____ Listed entries
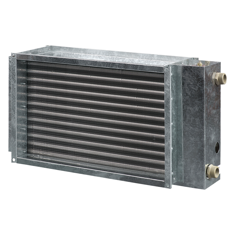 Erwärmung der Zuluft in Lüftungssystemen für verschiedene Räume.Geeignet für den Einbau in Zuluft- oder Lüftungsanlagen für die Erwärmung des Zuluftstromes.Montage nur in Innenräumen, wenn Wasser als Wärmeträger verwendet wird.Bei Anwendung im Außenbereich muss ein Frostschutzgemisch verwendet werden (z.B. Äthylenglykolmischung).Kompatibel mit Luftkanälen mit einem Querschnitt von 400×200 bis zu 1000×500 mm. AUFBAU Gehäuse aus verzinktem Stahl. Röhrenkollektoren aus Kupfer.Wärmetauscheroberfläche aus Aluminiumplatten.Am Austrittskollektor ist ein Stutzen für die Montage eines Tauchtemperaturfühlers oder eines Vereisungsschutzes für das Heizelement vorgesehen.Erhältlich in zwei-, drei- oder vierreihiger Ausführung.Zugelassen bis zu einem maximalen Arbeitsdruck von 1,6 MPa (16 bar) und einer maximalen Fördermitteltemperatur von +100 °C. |
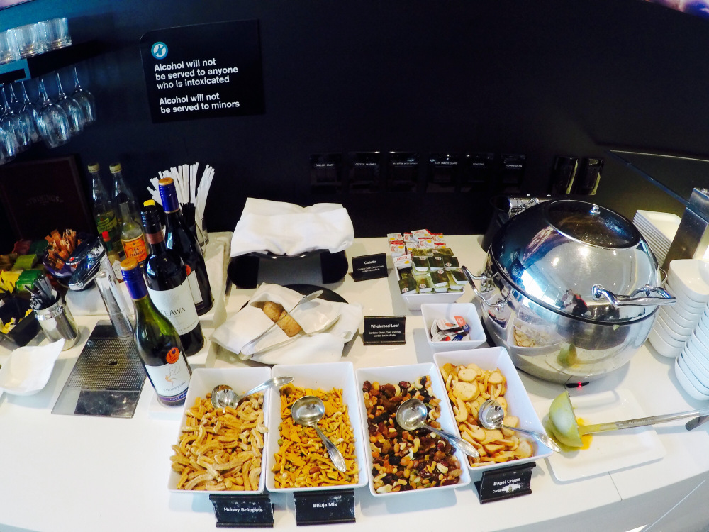 – a Air NZ oferece nesta VIP Lounge muitas opções de bebida (variedade de vinhos, licores, cervejas sucos, refrigerantes e café) e comida (snacks, sanduíches diversos, sopa, queijos, frutas e doces); foi providencial, afinal, eu não tinha almoçado, comi um lanche gostoso que espantou a fome e tomei uma taça de vinho nacional, de ótima qualidade
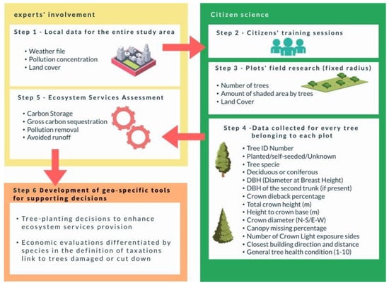 Our method consists of six steps: (1) public dataset collection concerning weather data, pollution concentrations, and urban morphology; (2) participatory training meetings involving citizens; (3) definition of the plots object of field research; (4) data collection of urban greenery by citizens; (5) ecosystem service assessment; and (6) development of a geo-specific tool for supporting (6.1) tree-planting decisions to enhance ecosystem services provision and (6.2) economic evaluations differentiated by species in the definition of taxations linked to trees damaged or cut down (Figure 2).
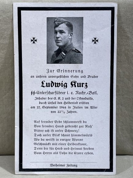 Nice 100% original remembrance card for a SS-Unterscharführer in a signals unit.
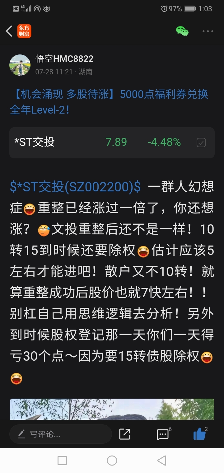 温馨提示: 1.根据《证券法》规定,禁止编造、传播虚假信息或者误导性信息,扰乱证券市场;2.用户在本社区发表的所有资料、言论等仅代表个人观点,与本网站立场无关,不对您构成任何投资建议。用户应基于自己的独立判断,自行决定证券投资并承担相应风险。《东方财富社区管理规定》
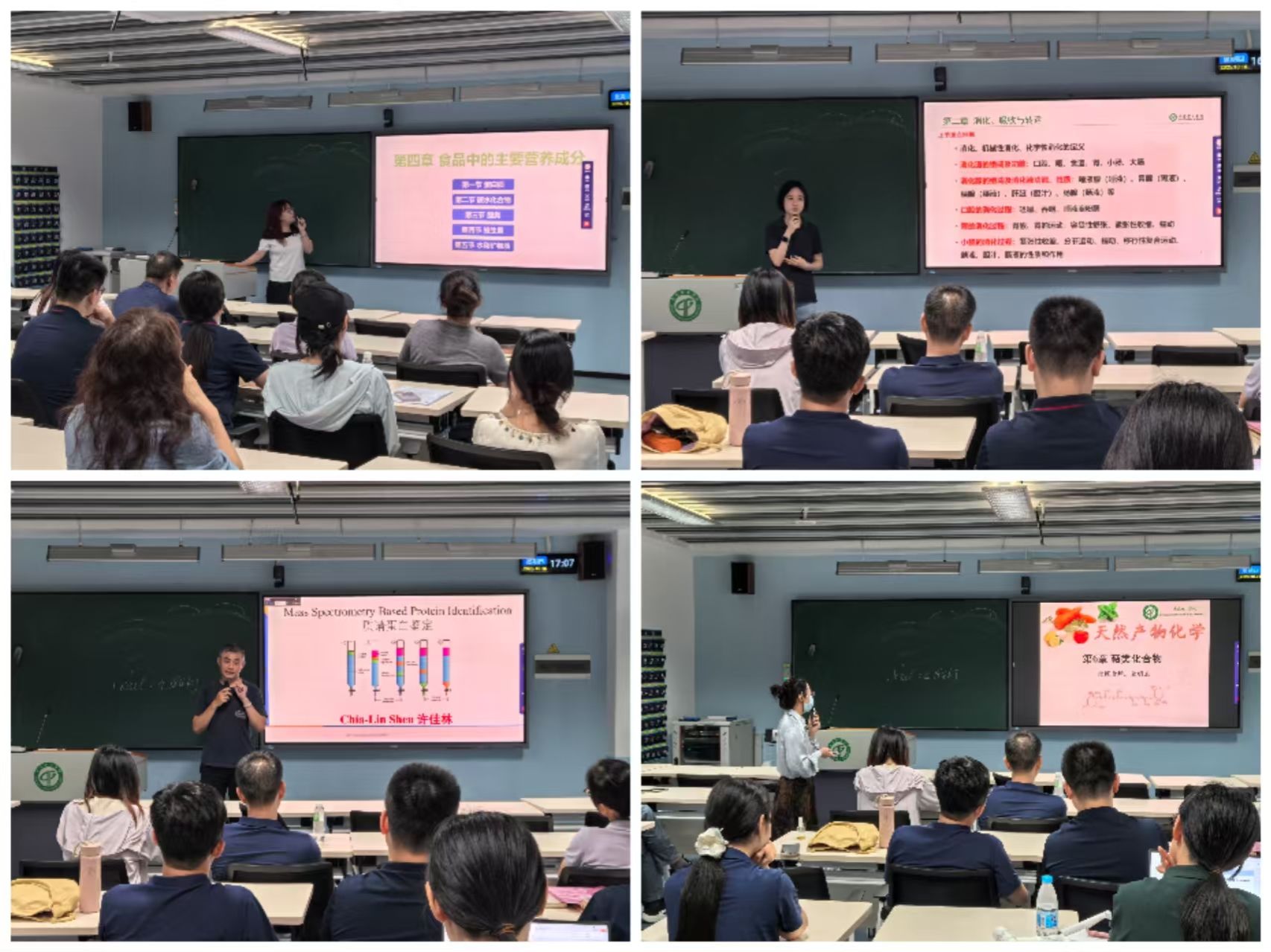 试讲环节中,熊舟翼、刘梦、许佳林和金明玉四位教师依次登台授课。熊舟翼老师聚焦食品营养话题,将复杂的专业概念转化为通俗易懂的生活常识,引导大家思考日常膳食摄入问题;刘梦老师则围绕能量摄入与消耗,通过设置层层递进的问题链,构建逻辑严谨的知识框架,帮助听众快速掌握重点内容;许佳林老师在授课时注重理论与实践的融合,详细讲解了相关实验操作步骤,强调操作规范与安全要点,展现出较强的实践教学能力;金明玉老师在课堂中充分关注“学生视角”,主动拉近与台下听众的距离,有效调动了现场的参与积极性。四位老师凭借扎实的专业知识储备与精心的课前准备,呈现了四节风格各异却同样精彩的教学课堂。
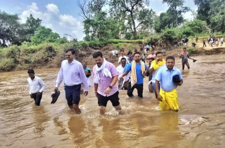 बीजापुर :-बारिश और बाढ़ के बाद विधायक व कलेक्टर प्रभावित क्षेत्रों के दौरे पर हैं। आज गंगालुर क्षेत्र में कोटेर जाने के लिए विधायक, कलेक्टर विभागीय अधिकारियों के साथ निकले। कोटेर पहुंचने में बाधा बनी मिंगाचल नदी कमर से थोड़ी नीचे बह रही थी। 1 हजार के जनसंख्या वाले इस गांव में लोगों की समस्या सुनने विधायक विक्रम मंडावी और कलेक्टर राजेन्द्र कटारा ने पैदल नदी पार किया।
________
Exercise goal
The answer is the entries above, given again exactly, with no pictures among them.

Answer section
 Erwärmung der Zuluft in Lüftungssystemen für verschiedene Räume.Geeignet für den Einbau in Zuluft- oder Lüftungsanlagen für die Erwärmung des Zuluftstromes.Montage nur in Innenräumen, wenn Wasser als Wärmeträger verwendet wird.Bei Anwendung im Außenbereich muss ein Frostschutzgemisch verwendet werden (z.B. Äthylenglykolmischung).Kompatibel mit Luftkanälen mit einem Querschnitt von 400×200 bis zu 1000×500 mm. AUFBAU Gehäuse aus verzinktem Stahl. Röhrenkollektoren aus Kupfer.Wärmetauscheroberfläche aus Aluminiumplatten.Am Austrittskollektor ist ein Stutzen für die Montage eines Tauchtemperaturfühlers oder eines Vereisungsschutzes für das Heizelement vorgesehen.Erhältlich in zwei-, drei- oder vierreihiger Ausführung.Zugelassen bis zu einem maximalen Arbeitsdruck von 1,6 MPa (16 bar) und einer maximalen Fördermitteltemperatur von +100 °C. |
 – a Air NZ oferece nesta VIP Lounge muitas opções de bebida (variedade de vinhos, licores, cervejas sucos, refrigerantes e café) e comida (snacks, sanduíches diversos, sopa, queijos, frutas e doces); foi providencial, afinal, eu não tinha almoçado, comi um lanche gostoso que espantou a fome e tomei uma taça de vinho nacional, de ótima qualidade
 Our method consists of six steps: (1) public dataset collection concerning weather data, pollution concentrations, and urban morphology; (2) participatory training meetings involving citizens; (3) definition of the plots object of field research; (4) data collection of urban greenery by citizens; (5) ecosystem service assessment; and (6) development of a geo-specific tool for supporting (6.1) tree-planting decisions to enhance ecosystem services provision and (6.2) economic evaluations differentiated by species in the definition of taxations linked to trees damaged or cut down (Figure 2).
 Nice 100% original remembrance card for a SS-Unterscharführer in a signals unit.
 温馨提示: 1.根据《证券法》规定,禁止编造、传播虚假信息或者误导性信息,扰乱证券市场;2.用户在本社区发表的所有资料、言论等仅代表个人观点,与本网站立场无关,不对您构成任何投资建议。用户应基于自己的独立判断,自行决定证券投资并承担相应风险。《东方财富社区管理规定》
 试讲环节中,熊舟翼、刘梦、许佳林和金明玉四位教师依次登台授课。熊舟翼老师聚焦食品营养话题,将复杂的专业概念转化为通俗易懂的生活常识,引导大家思考日常膳食摄入问题;刘梦老师则围绕能量摄入与消耗,通过设置层层递进的问题链,构建逻辑严谨的知识框架,帮助听众快速掌握重点内容;许佳林老师在授课时注重理论与实践的融合,详细讲解了相关实验操作步骤,强调操作规范与安全要点,展现出较强的实践教学能力;金明玉老师在课堂中充分关注“学生视角”,主动拉近与台下听众的距离,有效调动了现场的参与积极性。四位老师凭借扎实的专业知识储备与精心的课前准备,呈现了四节风格各异却同样精彩的教学课堂。
 बीजापुर :-बारिश और बाढ़ के बाद विधायक व कलेक्टर प्रभावित क्षेत्रों के दौरे पर हैं। आज गंगालुर क्षेत्र में कोटेर जाने के लिए विधायक, कलेक्टर विभागीय अधिकारियों के साथ निकले। कोटेर पहुंचने में बाधा बनी मिंगाचल नदी कमर से थोड़ी नीचे बह रही थी। 1 हजार के जनसंख्या वाले इस गांव में लोगों की समस्या सुनने विधायक विक्रम मंडावी और कलेक्टर राजेन्द्र कटारा ने पैदल नदी पार किया।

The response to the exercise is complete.